(RECORDS TO PROCESS Opens)

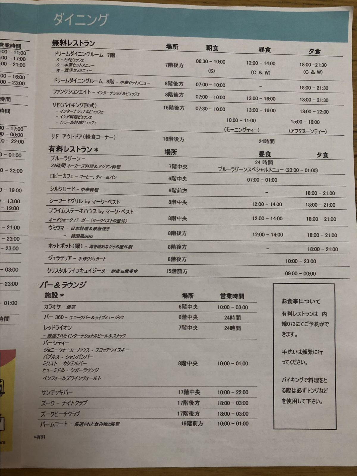 中華セットメニューか洋食セットメニューかを選び予約します。予約といっても、食べたい時間の少し前にドリームダイニングルームの入り口にいくと、係員さんがいて、人数とメニューを言うと入れる時間を紙に書いて渡してくれます。混んでいれば1時間位まちますが、この日は20分後でした。
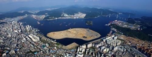 마산해양신도시 인공섬(마산항내 가운데 둥그런 섬) 전경. |
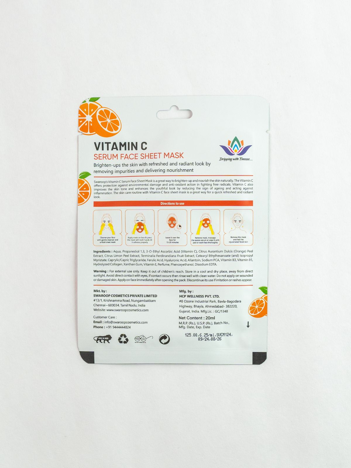 Swaroop’s Vitamin C Serum Face Sheet Mask is a great way to brighten-up and nourish the skin naturally. The Vitamin C offers protection against environmental damage and anti-oxidant action in fighting free radicals. Vitamin C also improves the skin tone and enhances the youthful look by reducing the sign of ageing and acting against inflammation. The skin care routine with Vitamin C face sheet mask is a great way for a refreshed and radiant look quickly.
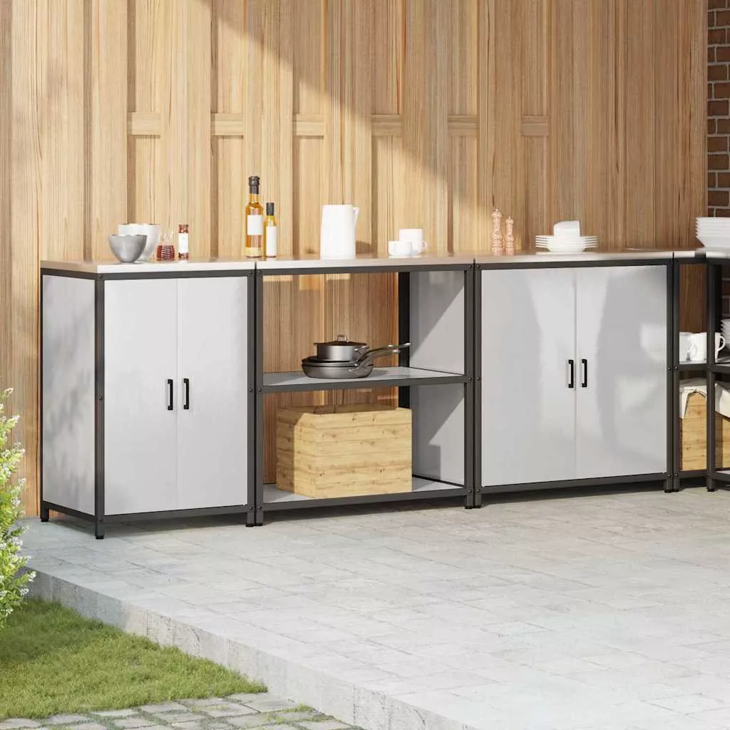 - Included Components: A szekrény sok polcot és rekeszt tartalmaz, mindegyik gondosan megtervezve, hogy mindent el tudj benne helyezni - edények, lábasok, élelmiszerek. Az acél polcok fokozzák az egység strapabíróságát, megbízható támogatást adva a nehezebb tárgyaknak, míg az acél keret és oszloplábak még stabilabbá teszik az egészet.
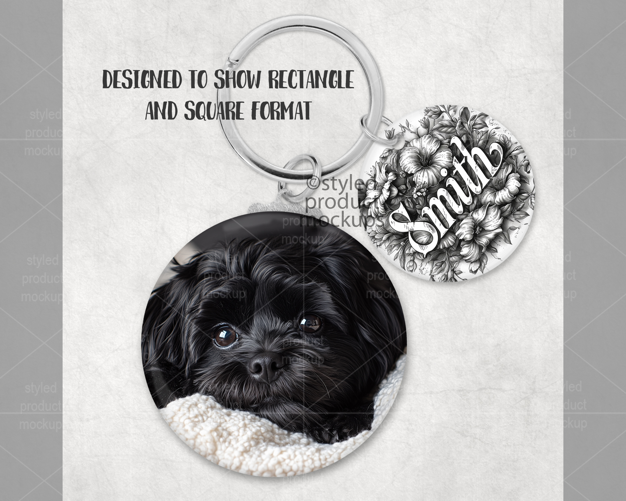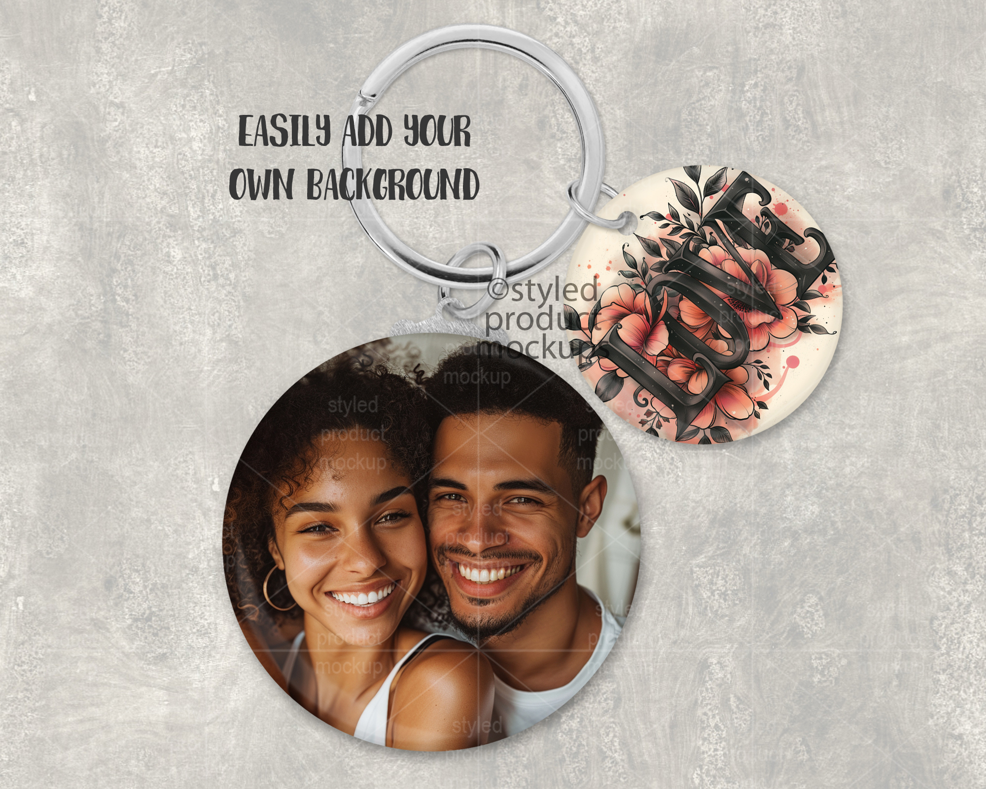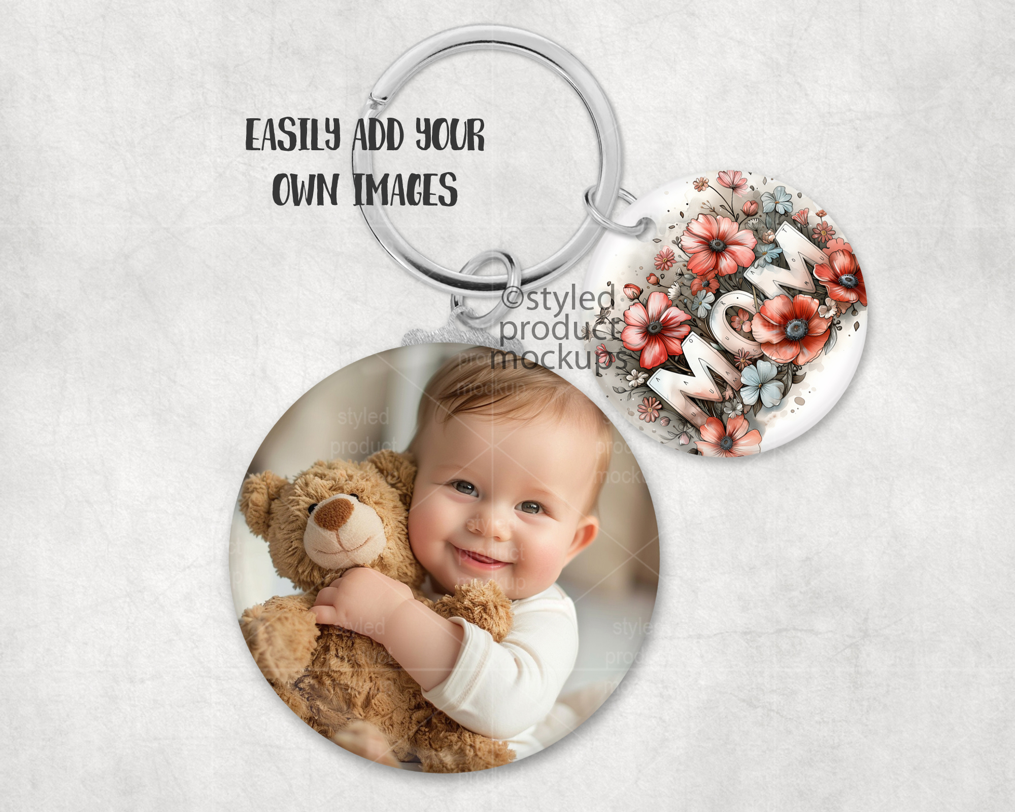 This listing is a mock-up that features button keychain with one large and one small button. Give a professional touch to your button keyring designs without the hassle of photographing each one. Our template is ready to use, simply add in your own art files and background.
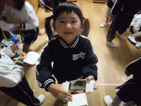 当日帰りの会でハロウィンごっこをすると「トリックオアトリート」といたずらお化けが沢山現れ、お菓子を渡し季節の行事を楽しむことが出来ました。また、お家でも感想を聞いてみてください!
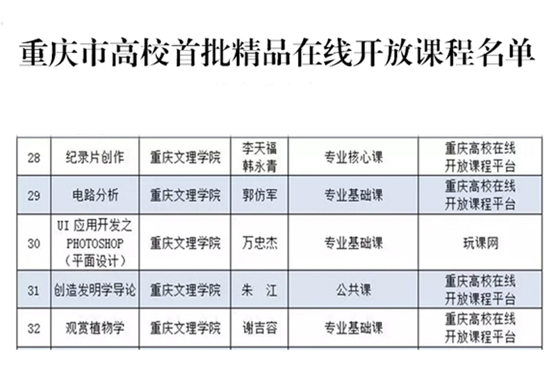 近日,重庆市教育委员会发布了《关于公布重庆市高校首批精品在线开放课程名单的通知》(渝教高发〔2018〕7号),首次推出105门高校精品在线开放课程,beat365官网《纪录片创作》(课程负责人:李天福、韩永青)、《电路分析》(课程负责人:郭仿军)、《UI应用开发之PHOTOSHOP(平面设计)》(课程负责人:万忠杰)、《创造发明学导论》(课程负责人:朱江)、《观赏植物学》(课程负责人:谢吉容)等5门课程入选。
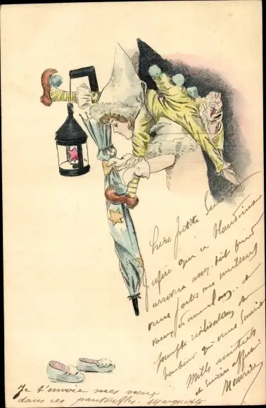 Künstler Ak Kind mit Clowns Puppe und Laterne
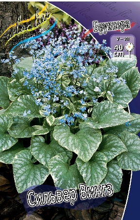 Бруннера Сильвер Вингз относится к группе травянистый многолетник, семейство лютиковых. Куст раскидистый, стебли шершаво-опушенные, облиственные, высотой 35-45 см. Листья продолговатые, сердцевидные с острой верхушкой, сверху темно-зеленые, снизу сероватые. Цветки зеленые листья с серебристым налетом, цветки-голубые . Почва: питательной, умеренно увлажненной. .Месторасположение:солнечное местоположение или полутень, зимостойки. Цветение: в конце апреля - начале мая и длится около месяца. Размножение: делением корневищ, отрезками корневищ и посевом семян. Использование: для оформления задних планов миксбордеров, групп, массивов, лент, одиночно. Растение зимостойко до -29С.Характеристики

(RECORDS TO PROCESS Closes)

## WHAT YOU HAVE TO DO
In the entries above, which lines run from the one with "This listing is" up to and including the one with "Künstler Ak Kind"? Write them out exactly, without the pictures.

## SOLVED EXERCISE
 This listing is a mock-up that features button keychain with one large and one small button. Give a professional touch to your button keyring designs without the hassle of photographing each one. Our template is ready to use, simply add in your own art files and background.
 当日帰りの会でハロウィンごっこをすると「トリックオアトリート」といたずらお化けが沢山現れ、お菓子を渡し季節の行事を楽しむことが出来ました。また、お家でも感想を聞いてみてください!
 近日,重庆市教育委员会发布了《关于公布重庆市高校首批精品在线开放课程名单的通知》(渝教高发〔2018〕7号),首次推出105门高校精品在线开放课程,beat365官网《纪录片创作》(课程负责人:李天福、韩永青)、《电路分析》(课程负责人:郭仿军)、《UI应用开发之PHOTOSHOP(平面设计)》(课程负责人:万忠杰)、《创造发明学导论》(课程负责人:朱江)、《观赏植物学》(课程负责人:谢吉容)等5门课程入选。
 Künstler Ak Kind mit Clowns Puppe und Laterne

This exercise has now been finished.